Sunday, November 06, 2011

Took off from my gigging world last night, to share in the journey of Robbie's ("gigging world"), as Queen Anne's County High School opened it's production of "Up the Down Staircase". The cast and crew really pulled it together, treating us all to a thoughtful and well performed view inside the homeroom of an new and idealistic English teacher in an inner city high school, with the struggles we all encounter (including in rural Queen Anne's County). I can't think of a single performer who didn't convincingly take their place in this drama, in an integration that held you attentive to the ebb and flow throughout the performance. That said, I must admit to being focused on the character of Joe Ferrone; the troubled young man who is eventually won over to rethink his path by one idealist who actually believes in him. Robbie (I still get to call him that - it's Robert to you) owned this character, consistently, whether in or out of the spotlight. It's wonderful to see him continue to strengthen his grasp of the zone on stage. From one who lives with him, I know just how deep his zone is, and how much potential exists.

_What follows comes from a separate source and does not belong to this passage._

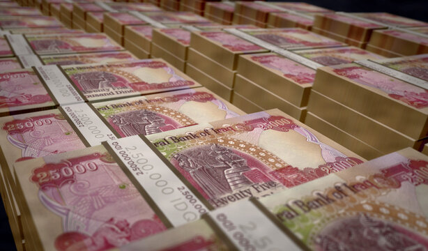 3D rendering of stacks of Iraqi dinar notes isolated on white background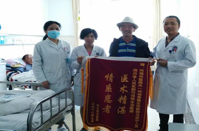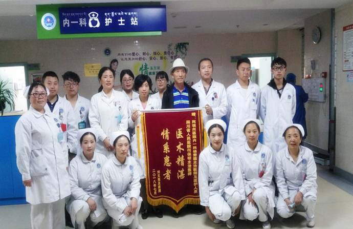 7月16日上午,阿坝州人民内一科病区温馨的一幕,患者刘大叔和家属手捧一面写着:“医术精湛,情系患者”字样的锦旗送到主管医生杨秀薇手中,并再三感谢内一科主任康乐斯基、主治医生杨秀薇、省医院对口支援医生何保明老师及科室全体医护人员对他的精心诊治和贴心护理,让他所患重疾而得到了康复。

I am often asked if my children play the piano. When I respond that "I've never really cared about that specifically. What I really want for them is a connection to the arts, in whatever way it happens. I'm thankful that they all have cultivated this, and am proud of each of them...", everyone gets it. When teaching piano, my goal with any young student is simply: to encourage and guide them to the place where their artistic expression develops to the point where it is self - perpetuating, and integral in their life. Seeing this continue to grow in Robbie last night, makes a papa proud. Up until last evening's performance, Robbie said that he wished his character had a laugh line. In the closing moments of the drama, Joe Ferrone delivers (arguably) the most poignant line of the script, which was met with moist eyes, and an audible "aww" from the audience. Hearing that (from the stage) made Robbie's night, as his desire was both met and nurtured. I suspect that I now understand what he really wanted; not necessarily a laugh, but a response from the audience demonstrating the "connection" (if you've read this blog, you know that's where I go - and don't get me started). Seeing his response to this validation shows me the extent to which he is genuinely owning his path. I'll be looking forward to each new production with which Robbie is involved. Today, it's back to my gigging world, holding the warmth of knowing that God has blessed not just me, but each in my family (and my family as a whole) with His purpose and plan. Surrendering to this is the ultimate calling for all of us.